Magical Realist:
I know what he means. He knows what he means. Most everyone who reads his statement knows what he means. If you're still having trouble with it I suggest going back to english class and studying up on metaphors again.
Recall how this started. I said that he reported seeing something that
looked like a tic tac. You said, no no no, he said it
was a tic tac. Now, after further questioning from me, you've changed your tune, essentially to agree with what I said in the first place. The rest is just you whining.
Let's move on.
It's what they saw and what was spotted on radar and caught on camera.
It's what they say they saw. As for what was spotted on radar - if anything was - we have no idea what that was. As for the camera, it looks like a jet exhaust to me.
You didn't say it was a plane or a drone. You said it was a whale. You can't change your story whenever it suits you.
I don't have a story.
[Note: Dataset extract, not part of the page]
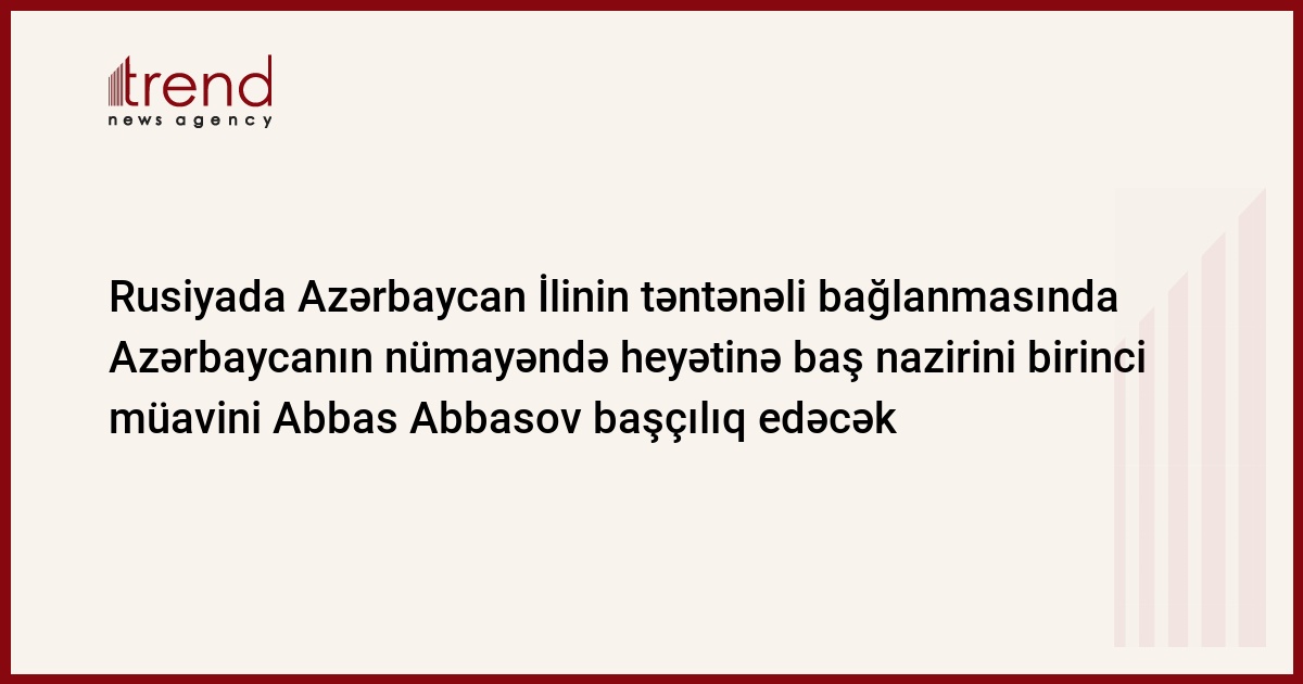 Rusiyada Azərbaycan İlinin təntənəli bağlanma mərasiminə Azərbaycanın hökumət nümayəndə heyətinə hökumətin baş nazirinin birinci müavini Abbas Abbasov başçılıq edəcək. Bu barədə Trend ə diplomatik mənbələrdən məlum olub.

You're the one telling the story about the alien spaceship, remember.
I suggested that the disturbance in the water might have been a whale or a submarine. That remains a live option.
Then why is there a "U" in UFO? Apparently, they have all been identified as "craft".
This is shown from hundreds of cases of them landing and having beings exit them.
Your attempts to distract from the discussion won't work. If you want to discuss supposed landings or alien sightings, that's an entirely different conversation. Of course, those are even less plausible than the one we're having.
Yeah we all know how you investigate. You google the latest skeptical debunk of the event and post that here as your own opinion.
I just told you: I've done virtually
no investigating here. Neither have you. You don't know what investigation is.
You might even refer to a video yourself if the video is providing a debunk, like of that explanation of the gimbal ufo really just being jet engine flare.
I posted a video that shows, quite plausibly, the origin of those fuzzy rotating "UFOs" on the IR gimbal cameras, explained by an expert.
If you deny that this explanation is plausible, go find your own experts.
Problem is these debunks aren't investigating anything.
Sure they are. They are investigating, for instance, the characteristics of the images typically produced by gimballed IR cameras. That information helps us to understand how certain images can be created by those cameras.
The alternative is to operate in a vacuum, where we know nothing about how the video footage was taken, so that we're left only to make dubious, ill-founded assumptions about what the footage shows. I know that's your preferred operating mode, but it's not what a competent critical thinker does.
They aren't interviewing eyewitnesses or people who were actually there.
Eyewitnesses has been interviewed many times by many different people, including skeptical investigators, as I previously pointed out.
They are only looking for excuses to dismiss the incident as a mistake or an outright hoax.
As I also pointed out, their motives are irrelevant, even if they have the motives you assume they have. What matters is whether the evidence for the LGM holds up or not. And it doesn't.
Sure it is, especially when the video provides actual interviews and video of the incident as in this one:
Apart from the interviews with people who were involved, that video includes virtually no actual footage from the incident. There is one short clip of IR footage from the planes, which may or may not be from the incident (there's no way to tell). The rest has a gigantic "RECREATION" message plastered over some imaginative animations that somebody created. It's all very well produced, but none of the recreated footage shows what was actually seen.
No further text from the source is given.